Wind brushing through the Willows; ice-covered creek gurgling as it wends beside the woods and under a footbridge; the squeak and crunch of zero degree snow under my insulated Muck boots.

Sun blindingly bright on white snow; tree limbs silhouetted against pink and orange hues of sunset; moon casting sharp, black shadows of fences and trees; stars twinkling in the indigo sky.

A peaceful spot to think and write. The luxury of time to read without interruption. The joy of playful walks with my dogs. Beauty all around to capture with brush or pencil in my journal.

I spent Friday and Saturday alone in the guest house at my parents’ farm. It’s a small, simple, quiet place that allowed me the space and time to unwind, read, reflect, write, paint, and walk in beautiful surroundings with my dogs. No road noise, no people, no internet, no sounds but those supplied by nature.

I was long overdue for some retreat time, and I feel wonderfully refreshed and energized by my time alone. When I first got there I found myself hopping up and down, distracted by every little thought and impulse that passed through my mind. After a few hours I was calm on the inside, sitting quietly with Milo curled on my lap, a cup of tea in my hand, while I alternately read and gazed out the window while pondering the books I was reading (The Return of the Prodigal Son, by Henri Nouwen and The Introvert Advantage by Marti Olsen Laney).

When I woke up at 3:00 AM, the bright moonlight drew me out into the frigid but peaceful night. Petra and I walked quietly up the hill to look out over the valley, then Rowan and I explored down toward the pond and danced gleefully in the snowy field.

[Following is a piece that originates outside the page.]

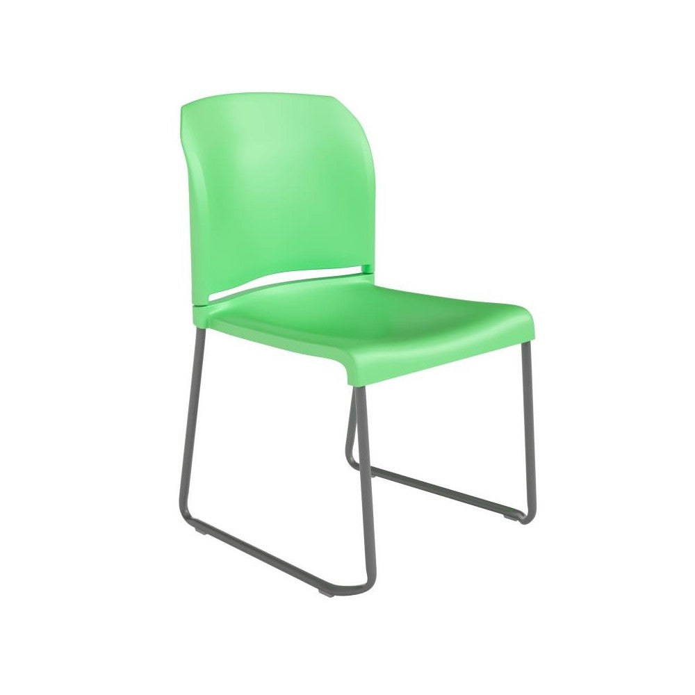 Provide comfortable seating in your lobby, cafeteria, breakroom, auditorium or office with this appealing sled base stack chair. Plastic stack chairs are popular chairs for temporary or permanent seating solutions and are ready-to-use with a fully assembled design. The green powder coated sled base chair is stylish enough to be used as your modern dining chair and are easy to clean. Create an engaging atmosphere by using different colors in your training room or open workspace. Working in open industrial style offices can be distressing, adding colorful stack chairs around collaborative tables can make the space fun and inviting. These stackable guest chairs are designed to withstand constant use to keep up with the daily demands of your business. For transporting efficiency acquire our steel stack chair dolly. [RUT-238A-GN-GG]

Time alone in silence helps me find and draw forth the quieter parts of myself, the parts that get shoved down when I live with noise and the busyness of daily life and my inner compulsion to keep constantly connected with the world via the computer. I like those more reserved aspects of my being and feel more complete and alive when I nurture them. I won’t wait so long before seeking solitude again.